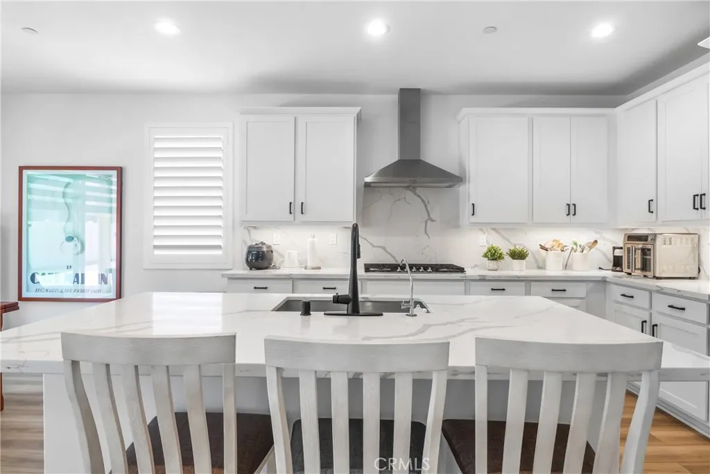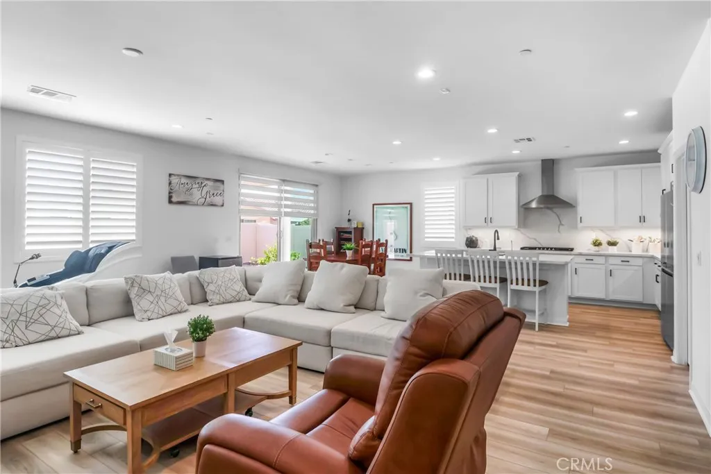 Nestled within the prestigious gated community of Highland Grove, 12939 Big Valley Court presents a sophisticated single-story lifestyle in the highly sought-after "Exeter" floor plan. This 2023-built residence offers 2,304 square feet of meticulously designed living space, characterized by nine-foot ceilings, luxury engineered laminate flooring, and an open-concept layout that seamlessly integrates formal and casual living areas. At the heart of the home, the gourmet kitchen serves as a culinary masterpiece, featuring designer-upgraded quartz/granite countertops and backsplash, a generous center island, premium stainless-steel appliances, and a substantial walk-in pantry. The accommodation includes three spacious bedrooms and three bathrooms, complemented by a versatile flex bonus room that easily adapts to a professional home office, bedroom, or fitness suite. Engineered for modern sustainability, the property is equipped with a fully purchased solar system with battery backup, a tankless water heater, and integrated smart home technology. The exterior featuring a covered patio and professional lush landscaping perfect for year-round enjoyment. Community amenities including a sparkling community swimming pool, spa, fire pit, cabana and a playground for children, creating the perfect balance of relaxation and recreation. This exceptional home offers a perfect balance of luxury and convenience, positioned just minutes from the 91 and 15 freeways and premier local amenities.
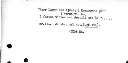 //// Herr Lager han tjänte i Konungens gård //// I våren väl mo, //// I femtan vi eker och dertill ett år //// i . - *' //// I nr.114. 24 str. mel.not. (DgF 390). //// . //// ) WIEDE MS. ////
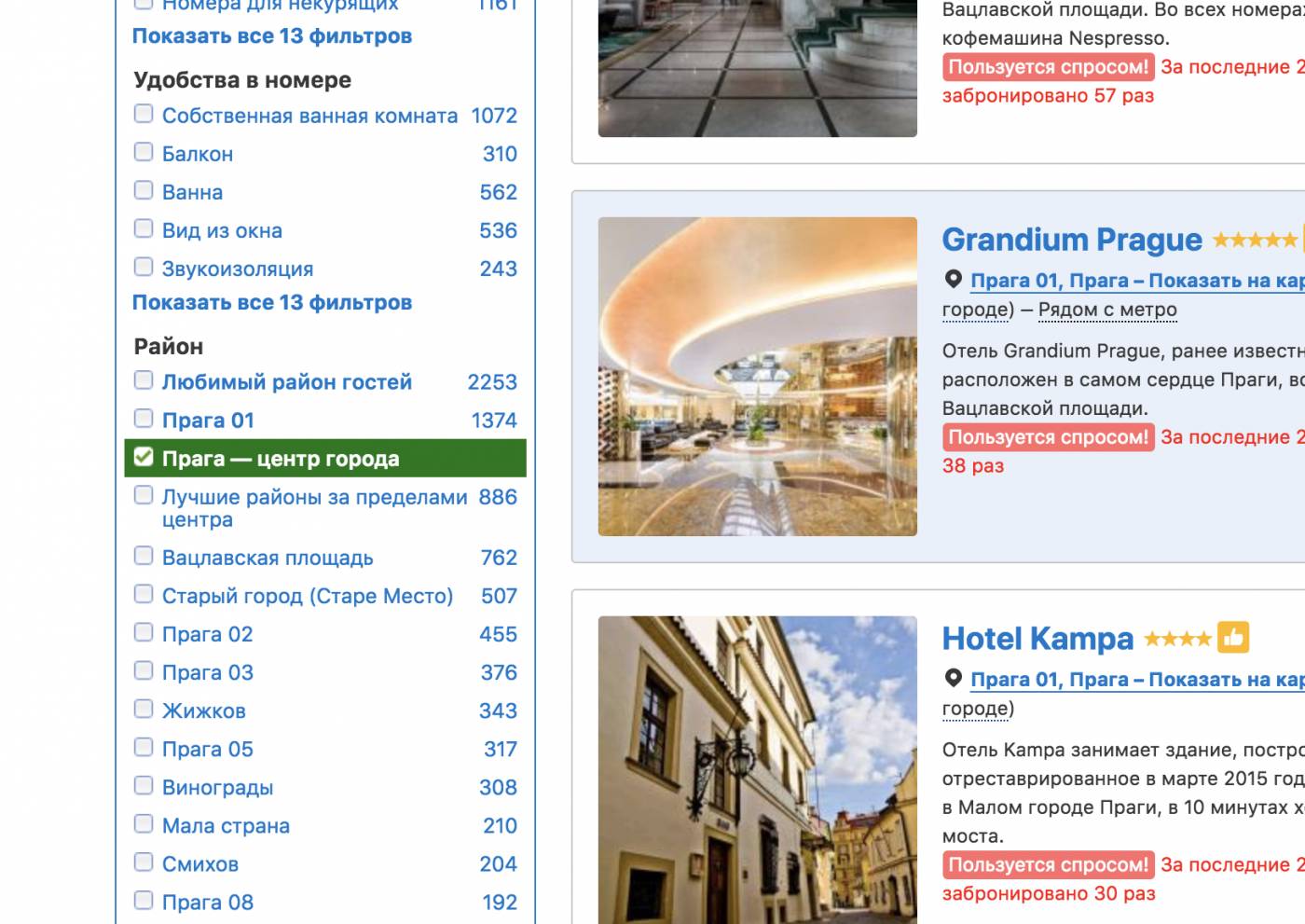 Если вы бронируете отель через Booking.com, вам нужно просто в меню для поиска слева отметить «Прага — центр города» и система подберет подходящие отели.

□ □ □ □ □ □ □

Word for word, restate all of the material, omitting the images.

 Nestled within the prestigious gated community of Highland Grove, 12939 Big Valley Court presents a sophisticated single-story lifestyle in the highly sought-after "Exeter" floor plan. This 2023-built residence offers 2,304 square feet of meticulously designed living space, characterized by nine-foot ceilings, luxury engineered laminate flooring, and an open-concept layout that seamlessly integrates formal and casual living areas. At the heart of the home, the gourmet kitchen serves as a culinary masterpiece, featuring designer-upgraded quartz/granite countertops and backsplash, a generous center island, premium stainless-steel appliances, and a substantial walk-in pantry. The accommodation includes three spacious bedrooms and three bathrooms, complemented by a versatile flex bonus room that easily adapts to a professional home office, bedroom, or fitness suite. Engineered for modern sustainability, the property is equipped with a fully purchased solar system with battery backup, a tankless water heater, and integrated smart home technology. The exterior featuring a covered patio and professional lush landscaping perfect for year-round enjoyment. Community amenities including a sparkling community swimming pool, spa, fire pit, cabana and a playground for children, creating the perfect balance of relaxation and recreation. This exceptional home offers a perfect balance of luxury and convenience, positioned just minutes from the 91 and 15 freeways and premier local amenities.
 //// Herr Lager han tjänte i Konungens gård //// I våren väl mo, //// I femtan vi eker och dertill ett år //// i . - *' //// I nr.114. 24 str. mel.not. (DgF 390). //// . //// ) WIEDE MS. ////
 Если вы бронируете отель через Booking.com, вам нужно просто в меню для поиска слева отметить «Прага — центр города» и система подберет подходящие отели.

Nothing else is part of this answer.